I like how you're able to work the foot sweep so as to flip the bag completely upside down to the other end so you don't have to pick it up each time. Very cool.


----------



## JowGaWolf (Mar 6, 2017)

Tony Dismukes said:


> I like how you're able to work the foot sweep so as to flip the bag completely upside down to the other end so you don't have to pick it up each time. Very cool.


 Thanks.  It the technique is straight out of our kung fu form but the technique can be found in other systems as well like, BJJ, Judo, etc.    It allowed me to use both the bottom part and top parts of the technique.  I'm not sure if it's possible to see, but I'm throwing the bag down to the ground at the same time I'm sweeping.  One of my classmates tried after seeing the video and tried to flip the bag by kicking it.  He used his leg like a golf club (putter) and it damaged his knee.  Technique is everything.

I have a foot hook drill that I use with dumbbells.  The rule is still the same.  Something that's not to heavy where it is damaging the knee.  I don't go over 30 pounds on that drill and I do it maybe twice every month if even that many times.  If I want to do it more then I use the lighter weights like 5 -10 lbs.  The lighter the weight the better the technique as to be.  I'll have to remember to put that exercise up as well.


----------



## Ironbear24 (Mar 8, 2017)

Is that like a special bag? Or just any punching bag. I'm trying to figure out how it flips so smoothly. I want to get one for myself to practice some stuff.


----------



## JowGaWolf (Mar 8, 2017)

Ironbear24 said:


> Is that like a special bag? Or just any punching bag. I'm trying to figure out how it flips so smoothly. I want to get one for myself to practice some stuff.

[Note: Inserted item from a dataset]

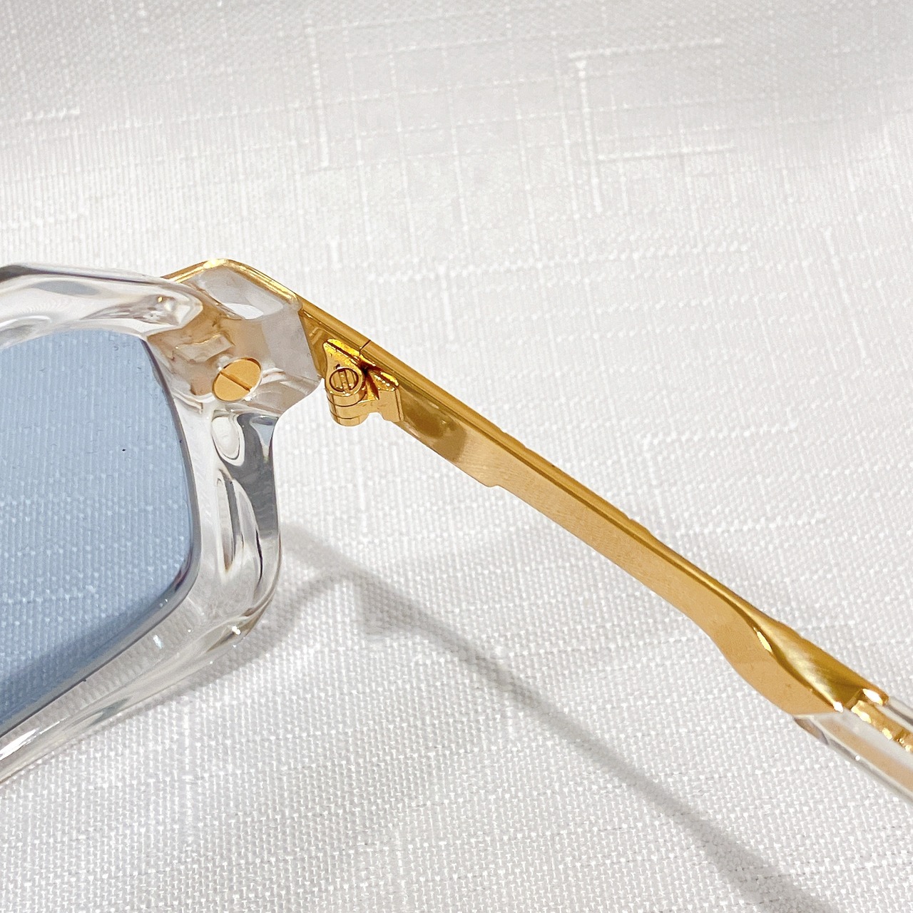 テンプルには細かなエンボス加工が施され、サイドからの表情にも高級感とアクセントをプラス。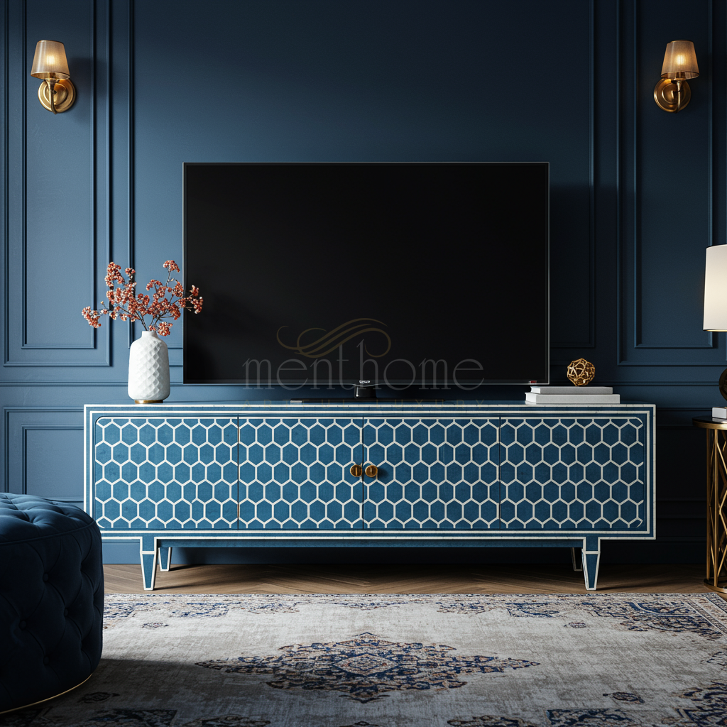 Luxurious Inlay Blue Hexagon Pattern TV Cabinet | Luxury Handmade TV Cabinet

 It's an old martial arts bag and I don't know if they make them like this any more, but the same can be done with a football tackling bag. The smooth flipping is because of the martial art technique and a little leg strength.  It's one of those Martial arts techniques that can't be forced with muscle. Technically I should be able to flip a person just as easily as long as I can get their upper torso to fall forward or downward.


----------



## Ironbear24 (Mar 8, 2017)

JowGaWolf said:


> It's an old martial arts bag and I don't know if they make them like this any more, but the same can be done with a football tackling bag. The smooth flipping is because of the martial art technique and a little leg strength.  It's one of those Martial arts techniques that can't be forced with muscle. Technically I should be able to flip a person just as easily as long as I can get their upper torso to fall forward or downward.



I have never seen a flip that way before. I am perplexed and over all in disbelief. So it is just an ordinary bag no different than a normal punching bag?


----------



## JowGaWolf (Mar 8, 2017)

Ironbear24 said:


> I have never seen a flip that way before. I am perplexed and over all in disbelief. So it is just an ordinary bag no different than a normal punching bag?


Just a normal punching bag that's not a heavy bag.  It weighs maybe 40 -50 pounds.


----------